2.6 Cresyl Violet (CV) Staining

CV staining was performed to evaluate change in cellular distribution and morphology in the hippocampus after IR according to a previous study [15] with some modification. In short, the sections intended for CV staining were first mounted on gelatin-coated microscope slides, air dried at room temperature and incubated overnight in 95% ethanol at 56 ${}^{\circ}{}$ C. The sections were then rinsed in distilled water (DW) and immersed in the solution of CV acetate (10510-54-0, Sigma-Aldrich Inc., St-Louis, MO, USA) dissolved at 0.1% in DW for three minutes at room temperature. Thereafter the stained sections were briefly washed followed by decolorized in 50% ethanol for three minutes, dehydrated through 70%, 80%, 90%, 95% and 100% ethanol, cleared in xylene and mounted with cover glasses.

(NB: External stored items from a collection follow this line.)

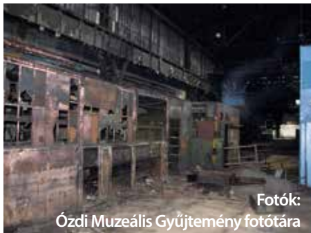
Fotók: Ózdi Muzeális Gyűjtemény fotótára

Másoknak maga volt az élet. A nyüzsgő gyár. A füstöt okádó kémények, az izzó acél, a hömpölygő embertömeg, bimbózó szerelmek, a munka után megivott kisfröccsök, a fiatalság. A munka, a kenyér. Nekik nem csak egy rakás fém. S mikor azt látják, hogy tönkre teszik, szétlopják, mintha a szívükből tépnének ki egy darabot.
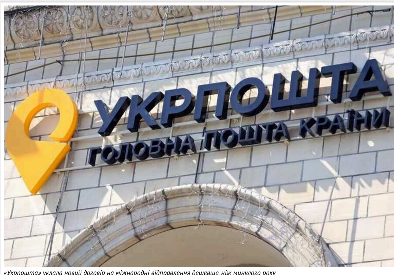
«Укрпошта» уклала новий договір на міжнародні відправлення дешевше, ніж минулого року

АТ «Укрпошта» 8 лютого уклала угоду з ТОВ «Норді» на послуги міжнародних перевезень вантажу у цьому році вартістю 356,68 млн грн.
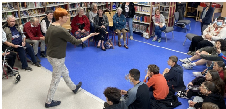
Au collège avec les 4 èmes , les résidents de l'EHPAD et la Compagnie L'Oiseau Blanc en octobre pendant la Semaine Bleue

En 2026, Ain'terlude-en-Bugey proposera des actions en direction de tous ses publics. Les familles, les enfants, les adolescents pourront bénéficier d'animations variées proposées par des bénévoles et salariés de l'association ou des intervenants.
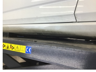
Marşbiyel, sol, Marşbiyel, sol > Ezik
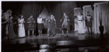
Catalans a la romana.

ca públic. Qualsevol altra interpretació és aliena a la nostra voluntat.
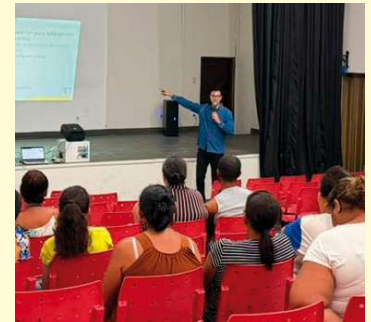
Palestra abordou regras de programas
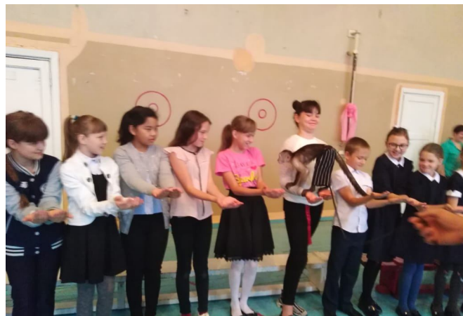
Ребята знакомятся с капуцином

А ещё увидели черепаху, скорпиона, рептилию, питона, крокодила. Да-да!!! Крокодила! Ему 3 года и он длиной 1,5 метра. Демонстрация животных сопровождалась интересным, увлекательным рассказом об их жизни, повадках, особенностях.
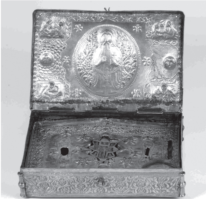
Сл. 1 Таксидарски кивот манастира Свети Прохор Пчињски, крај 19. века, сребро, ризница манастира.
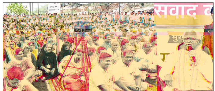
नारनौल। मंडलाना में जन संवाद करते सीएम मनोहरलाल।

लॉजिस्टिक हब व आईएमटी से बढ़ेंगे रोजगार के अवसर
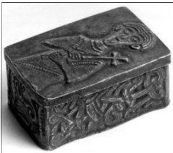
Fig. 2 - Reliquaire en argent de Sant' Apollinare, VI e -VII e siècle ( https://www.buonconsiglio.it/index.php/Castello-del-Buonconsiglio/collezioni/Arte-medievale ).
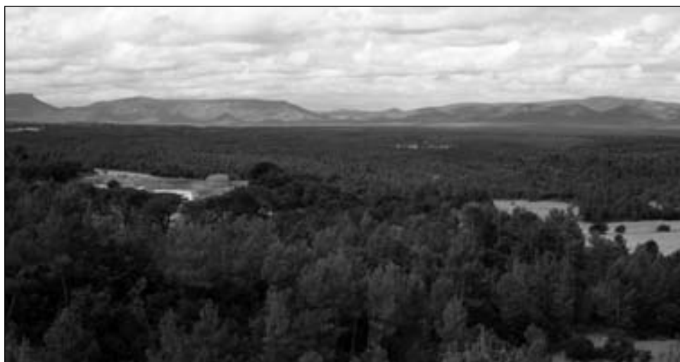
Foto 3. Regeneración y extensión de los ecosistemas forestales en la zona C (Los Serranos, Valencia).
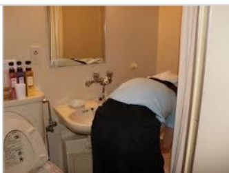
バス・トイレメイク④
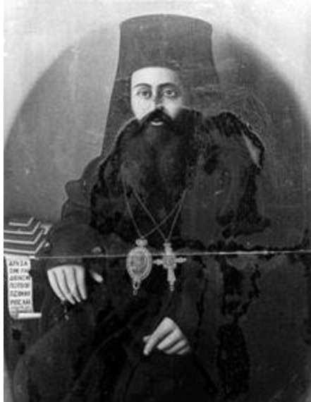
Ο Επίσκοπος Αγάπιος Βράτσης
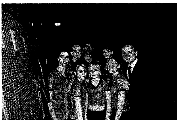
setkání se sourozenci Gondíkovými
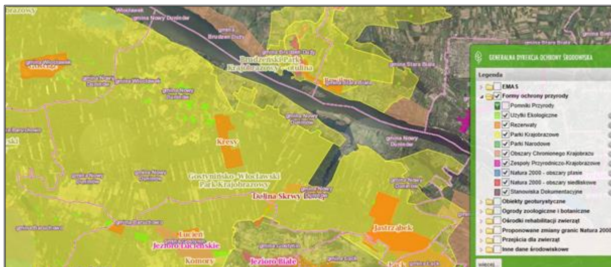
Rysunek 4. Obszary chronione w Gminie Nowy Duninów
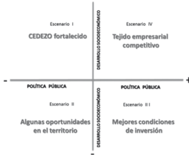
Gráfico 2. Condiciones de importancia y de gobernabilidad

que, de manera coordinada, se definan para el largo plazo los criterios fundamentales de estos escenarios, para el programa.
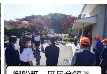
御船町 区民会館で
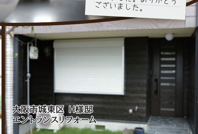
大阪市城東区 H様邸 エントランスリフォーム

The images of the CV-stained cells were taken using BX53 microscope (BX53, Olympus, Tokyo, Japan), and IR-induced change was examined.

2.7 Neuronal Nuclei (NeuN) Immunofluorescence and Fluoro-Jade B (FJB) Histofluorescence

To evaluate the therapeutic neuroprotection by PYC in the hippocampus after IR, NeuN (a marker for neurons) immunofluorescence and FJB (a fluorescent marker for the degeneration of neurons) histofluorescence were performed according to a published method [15] with some modification.

For NeuN immunofluorescence, the sections were incubated in mouse anti-NeuN (diluted 1:1,100; MAB377; Merck Millipore, Burlington, MA, USA) overnight at 4 ${}^{\circ}{}$ C. After washing, the sections were incubated in Alexa Fluor ${}^{\textregistered{}}$ 546-conjugated donkey anti-mouse immunoglobulin G (IgG, diluted 1:500; A10036, Invitrogen, Waltham, MA, USA) for two hours at room temperature. After washing, the sections were dehydrated, cleared and coverslipped.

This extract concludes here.